= Records for this task =
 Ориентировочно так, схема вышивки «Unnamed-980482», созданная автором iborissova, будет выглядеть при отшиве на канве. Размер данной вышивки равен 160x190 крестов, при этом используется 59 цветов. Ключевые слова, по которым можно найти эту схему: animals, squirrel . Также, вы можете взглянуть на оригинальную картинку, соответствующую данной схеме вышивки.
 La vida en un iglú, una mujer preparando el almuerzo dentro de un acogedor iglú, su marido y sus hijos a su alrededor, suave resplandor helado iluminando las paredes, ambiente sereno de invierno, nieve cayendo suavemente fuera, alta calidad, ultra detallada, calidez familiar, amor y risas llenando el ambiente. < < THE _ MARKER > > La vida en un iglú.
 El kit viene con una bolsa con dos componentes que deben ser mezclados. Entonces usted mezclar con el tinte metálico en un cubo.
* * *
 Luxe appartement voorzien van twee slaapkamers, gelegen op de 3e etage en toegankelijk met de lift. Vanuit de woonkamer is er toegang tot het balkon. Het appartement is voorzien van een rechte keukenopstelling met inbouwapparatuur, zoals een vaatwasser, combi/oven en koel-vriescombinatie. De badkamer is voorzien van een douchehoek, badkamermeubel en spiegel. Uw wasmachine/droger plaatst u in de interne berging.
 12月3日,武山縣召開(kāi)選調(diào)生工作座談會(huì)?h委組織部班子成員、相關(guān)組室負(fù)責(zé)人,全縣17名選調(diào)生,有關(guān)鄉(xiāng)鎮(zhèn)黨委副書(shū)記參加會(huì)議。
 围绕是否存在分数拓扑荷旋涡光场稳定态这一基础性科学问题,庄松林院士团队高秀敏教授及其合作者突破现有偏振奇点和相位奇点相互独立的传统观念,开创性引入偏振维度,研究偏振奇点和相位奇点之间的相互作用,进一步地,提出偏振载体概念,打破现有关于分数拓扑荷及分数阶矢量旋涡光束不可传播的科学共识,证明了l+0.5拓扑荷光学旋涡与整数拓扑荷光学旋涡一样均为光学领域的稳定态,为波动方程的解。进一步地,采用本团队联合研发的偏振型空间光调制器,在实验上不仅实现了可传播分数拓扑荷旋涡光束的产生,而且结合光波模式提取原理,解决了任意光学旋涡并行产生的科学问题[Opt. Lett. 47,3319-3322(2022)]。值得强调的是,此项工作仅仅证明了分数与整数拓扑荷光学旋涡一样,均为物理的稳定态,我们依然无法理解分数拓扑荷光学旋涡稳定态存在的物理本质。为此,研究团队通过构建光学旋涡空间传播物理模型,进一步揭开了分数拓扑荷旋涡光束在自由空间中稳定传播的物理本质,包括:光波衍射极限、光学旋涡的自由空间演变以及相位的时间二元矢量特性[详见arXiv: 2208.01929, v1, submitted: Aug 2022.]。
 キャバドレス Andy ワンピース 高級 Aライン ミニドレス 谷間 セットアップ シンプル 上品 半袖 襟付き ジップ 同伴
==
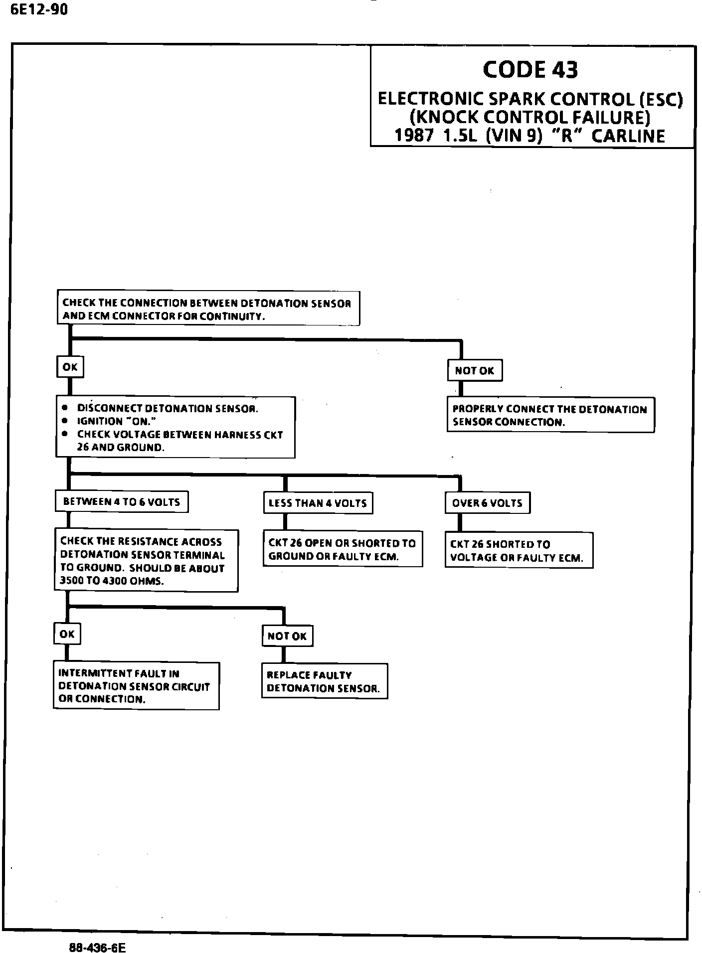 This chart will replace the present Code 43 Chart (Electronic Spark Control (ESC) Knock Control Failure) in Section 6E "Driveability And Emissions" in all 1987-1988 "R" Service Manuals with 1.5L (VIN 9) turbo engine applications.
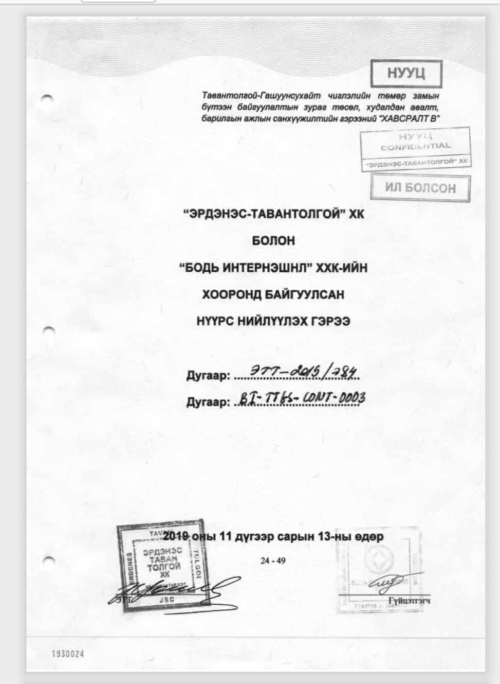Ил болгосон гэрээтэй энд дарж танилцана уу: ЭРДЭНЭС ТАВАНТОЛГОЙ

= Exercise prompt =
Only the lines above from the one with "This chart will" to the one with "Ил болгосон гэрээтэй" should be printed, both included and exactly as written; no picture belongs in the copy.

= Result =
 This chart will replace the present Code 43 Chart (Electronic Spark Control (ESC) Knock Control Failure) in Section 6E "Driveability And Emissions" in all 1987-1988 "R" Service Manuals with 1.5L (VIN 9) turbo engine applications.
Ил болгосон гэрээтэй энд дарж танилцана уу: ЭРДЭНЭС ТАВАНТОЛГОЙ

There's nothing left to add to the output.